В музыке фигуры композитора и исполнителя существуют уже давно. Вначале композитора вообще не было, а был только исполнитель, который играл, так сказать, «ничью», всеобщую музыку. Позднее появилась фигура композитора, то есть создателя конкретного опуса. Он же сам эту музыку исполнял. Затем, повидимому в прошлом веке, на сцену вышел исполнитель как мы его знаем теперь. Это был человек, отдельный от композитора, и постепенно в глазах публики этот исполнитель-интерпретатор почти заслонил фигуру композитора.

Теперь точно то же самое происходит в литературе. У литератора-исполнителя есть две возможности: манипулировать чьим-то оригинальным трудом (в литературе их очень немного, не знаю как в музыке) и манипулировать фольклором. Так же как музыкант-исполнитеиь, литератор-исполнитель выкидывает всякие коленца, что придаёт чисто функциональной деятельности видимость «вдохновенности» и значительности и помогает заслонить собой источник.

В литературе это даже легче сделать, чем в музыкальной практике. Какими бы большими буквами ни писали на афишах имя Яши Хейфеца и какими бы маленькими ни писали имена Моцарта и Брамса, последних двух всё же не удаётся полностью вытеснить из поля зрения потребителя. В литературе же такое вполне возможно, особенно когда исполняется фольклор.

-19-

По поводу исполнительства в литературе можно добавить ещё два замечания. Можно исполнять не какой-то образец, а литературу вообще, поэзию вообще. Литературные критики в таких случаях говорят о «подделке». Они легко разоблачают фальшивомонетчиков мелкого калибра, но не отдают себе отчёта, что подобное имеет место и на вершинах литературы (или лучше сказать на «поддельных вершинах»). Исполнители высокого класса так умело создают свой (биографический и словесный) имидж, что их трудно отличить от творцов. Так случается: ведь энергия и талант такого исполнителя уходит именно на создание имиджа «творца». Такое впечатление, что выделилась целая сфера литературы, где создание имиджа «творца» — главная и единственная задача.

Ещё один вариант исполнительства в литературе — это составление текстов, в которых главное — это намёки на другие тексты. Этот вид исполнительства фактически поощряем литературоведением, занятым в основном восторженным поиском таких намёков.

*

Чтобы ещё лучше понять фигуру «литератора-исполнителя», можно обратиться к одной особой сфере словесной активности. Я имею в виду практику перевода с других языков. Чтобы обезопасить себя, я с самого начала замечу, что вовсе не подкапываюсь под благородное ремесло перевода. Но в поведении переводчика всё более явственно проступают черты, которые вызывают любопытство, удивление и серьёзные опасения.
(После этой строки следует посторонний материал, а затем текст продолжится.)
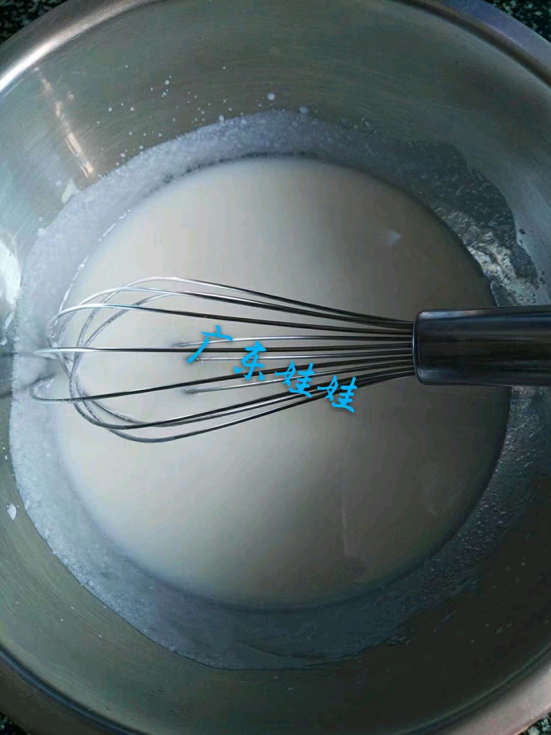 我这个蛋糕卷有一点白,因为我多放了两个蛋白,少放一个蛋黄,因为早上就用蛋黄去给小孩蒸肉吃,就剩下了多的蛋白。这样就不会浪费啦,你们可以按照正常的量来做就行。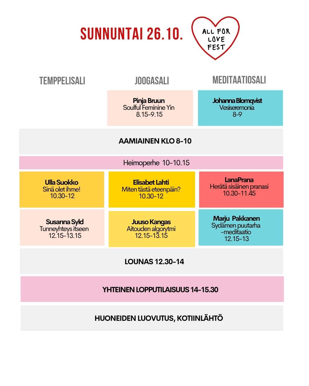 Festivaali alkaa pe 24.10. klo 17.30 ja päättyy su 26.10. klo 15.
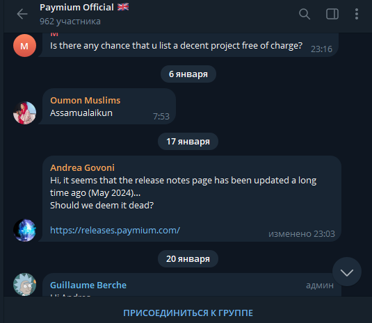 Помимо сайта и бота, есть канал и чат в Телеграмме. Канал Blockchain io является практически пустым, подписчиков в Paymium на март 2025 года здесь только чуть более 40 человек. Последняя активность была в мае 2022 года.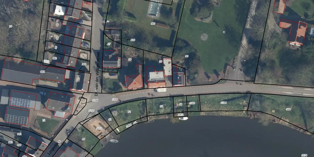Het perceel waarop Lingedijk 84 staat heeft een oppervlakte van 400 m². Dit is een groot perceel. De perceeloppervlakte wordt geregistreerd door het Kadaster. Gedetailleerde informatie over de maten van dit perceel kunt u vinden in het rapport Kadastrale kaart met maatvoering van Lingedijk 84.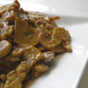 天贝、口蘑、葱、料酒、酱油、盐、糖、胡椒粉、水淀粉、香油。

Дело в том, что в чисто техническом плане фигура переводчика в литературе особенно схожа с фигурой исполнителя в музыке. Так вот, переводчик, наподобие виолончельных виртуозов, норовит затмить собой фигуру автора, которого он переводит, или во всяком случае выступать на иноязычной сцене как его реинкарнация,

-20-

в любом случае как его личное доверенное лицо, конгениальный медиум.
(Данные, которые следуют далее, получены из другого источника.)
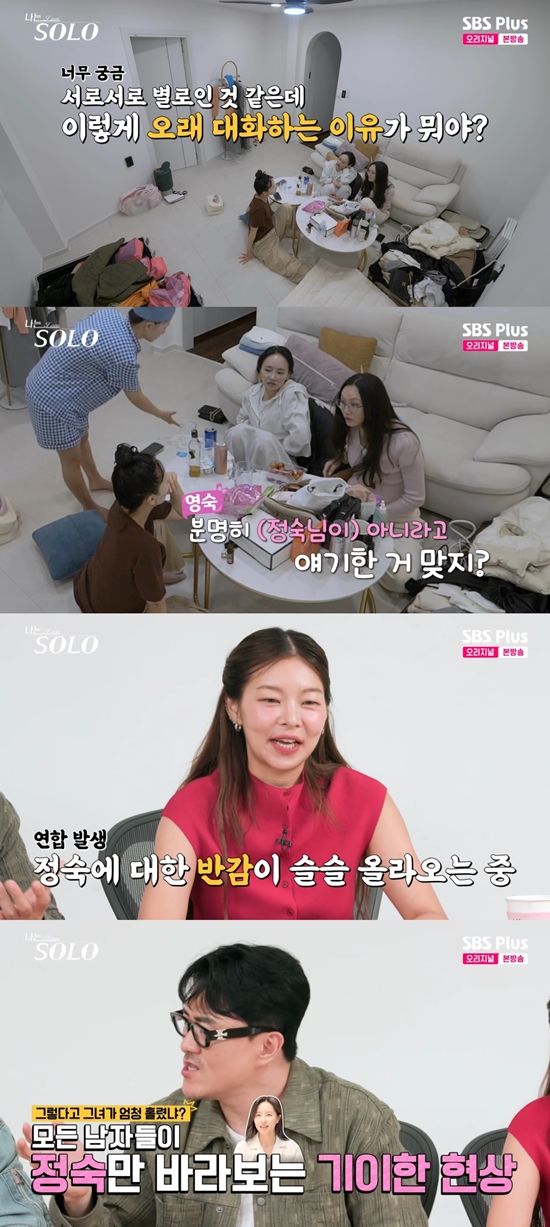 또 옥순이 "나 그게 오늘 보였다"라고 말하자, 영자는 "처음부터 그랬다. 첫인상 선택 때 (정숙에게) 몰렸다"라고 설명했다. 옥순은 "나는 몰랐다. 첫인상 선택 때부터 이어진 거면 얼마나 좋은 거냐. 대박이다"라고 전했다.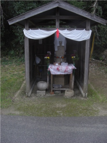 やがて355号線の山口市嘉川福岡信号交差点に出ます。交差点右角に 祠 があります

Тенденция эта, которую не так-то легко (хотя и можно) продемонстрировать дакументально, всё же нашла себе по крайней мере однажды совершенно недвусмысленное выражение. Листая всё тот же злополучный журнал «Время и мы», я увидел публикацию знаменитого детективного романа Рэймонда Чандлера. Публикация была организована так: сначала шёл фотографический портрет, затем предисловие, а затем сам роман. Облик человека на портрете показался мне подозрительным. Приглядевшись, я понял, что это не Рэймонд Чандлер, физиономию которого было бы естествено увидеть в виде заставки к его роману. На самом деле журнал решил украсить публикацию Рэймонда Чандлера портретом переводчика! И это был не единичный случай.

Похожие вещи мне приходилось наблюдать и в журналистской практике. Ну, журнализм, разумеется, вообще на 95 процентов круговой плагиат. Это в порядке вещей, и если бы это было не так, то никакого журнализма вообще и не было бы. Но и тут эмигрантские журналисты обогатили, казалось бы, нормальную практику новым и многозначительным элементом.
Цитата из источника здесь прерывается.